CCAA = 0 # Autonomous Community (select a value from the switch_CCAA)
switch_CCAA = {
0: 'España', # Spain: the entire country (refer to the paper in Heliyon where data availability is explained according to the autonomous community and data type)
1: 'Andalucía',
2: 'Aragón',
3: 'Asturias, Principado de',
4: 'Balears, Illes',
5: 'Canarias',
6: 'Cantabria',
7: 'Castilla y León',
8: 'Castilla - La Mancha',
9: 'Cataluña',
10: 'Comunitat Valenciana',
11: 'Extremadura',
12: 'Galicia',
13: 'Madrid, Comunidad de',
14: 'Murcia, Región de',
15: 'Navarra, Comunidad Foral de',
16: 'País Vasco',
17: 'Rioja, La',
18: 'Ceuta',
19: 'Melilla',
}
# Step 0, Create folders to store the data - Just the first time, will create the structure of folders to or contain the input data or the steps or the output
# The neccesary folders are:
# Folder Internal scripts: Contains the code to generate the model
folder_read_EPC = r'Downloaded_EPC_databases' # Step A.1 - The folder where the files of the EPCs will be read from and if the download option is chosen the EPCs files will be saved
folder_save_EPC_modificed = r'Modified_EPC_Databases' # Step A.1 - The folder where the generated files will be saved
folder_read_Alphanumeric_cadastre = r'Alphanumeric_cadastre' # Step A.2 - The folder to store the zip files from the Alphanumeric Cadastre
folder_INSPIRE = r'INSPIRE_cadastre' # Step A.3 - The folder with all the data and models from the INSPIRE Cadastre
folder_txt_INSPIRE = r'INSPIRE_cadastre\Original_txt_links' # Step A.3 - Additional feature: It allows updating the download links for the Inspire cadastre that will be used by the algorithm, contains the raw text of the webs with the links.

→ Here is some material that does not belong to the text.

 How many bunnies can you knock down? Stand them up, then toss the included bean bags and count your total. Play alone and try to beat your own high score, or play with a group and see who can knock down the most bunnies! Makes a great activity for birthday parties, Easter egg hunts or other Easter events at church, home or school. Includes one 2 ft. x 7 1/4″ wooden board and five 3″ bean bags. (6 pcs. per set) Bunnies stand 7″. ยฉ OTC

folder_INSPIRE_links = r'INSPIRE_cadastre\Automated_links' # Step A.3 - Contains the txt with the links to the INSPIRE Cadastre ready to download
folder_download_INSPIRE_zips = r'INSPIRE_cadastre\INSPIRE_files' # Step A.3 - Contains the downloaded INSPIRE Cadastre zips
folder_Additional_Information = r'Additional_Information' # Step A.4 - Includes supplementary data to enhance the model, including climate zones map or the population residing in each municipality.

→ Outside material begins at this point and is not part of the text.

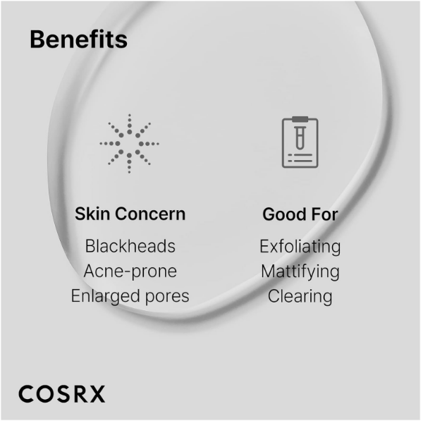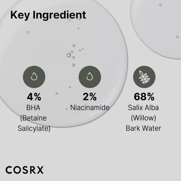 El tónico / esencia BHA Blackhead Power Liquid de COSRX penetra efectivamente en la piel para limpiar a profundidad los poros congestionados. Además ayuda a reconstruir la barrera protectora de la piel.Este poderoso líquido, formulado con Betaine Salicylate, controla el exceso de producción de sebo y ayuda a remover los puntos negros y la piel muerta mientras hidrata la piel. Aplica después de limpiar y tonificar y antes de sueros y cremas. Dispensa en un disco de algodón y aplica en el rostro evitando el área de los ojos y los labios. Coloca de 2 a 3 veces a la semana y ve aumentando hasta llegar a la frecuencia deseada e ideal para tu piel.

b1_output = r'Energy_performance_model' # Step B.1 - Contains the B.1 step outputs
b2_output = r'National_enhanced_building_stock_GIS_model' # Step B.2 - Contains the B.2 step outputs
b3_output = r'National-scale_EPC-based_Building_Energy_Model' # Step B.3 - Contains the B.3 step outputs (the final file of the entire process)
Step_0 = True # Create folders to store the data
if Step_0:
import os
os.makedirs(folder_read_EPC, exist_ok=True)
os.makedirs(folder_save_EPC_modificed, exist_ok=True)
os.makedirs(folder_read_Alphanumeric_cadastre, exist_ok=True)
os.makedirs(folder_txt_INSPIRE, exist_ok=True)
os.makedirs(folder_INSPIRE_links, exist_ok=True)
os.makedirs(folder_download_INSPIRE_zips, exist_ok=True)
os.makedirs(folder_Additional_Information, exist_ok=True)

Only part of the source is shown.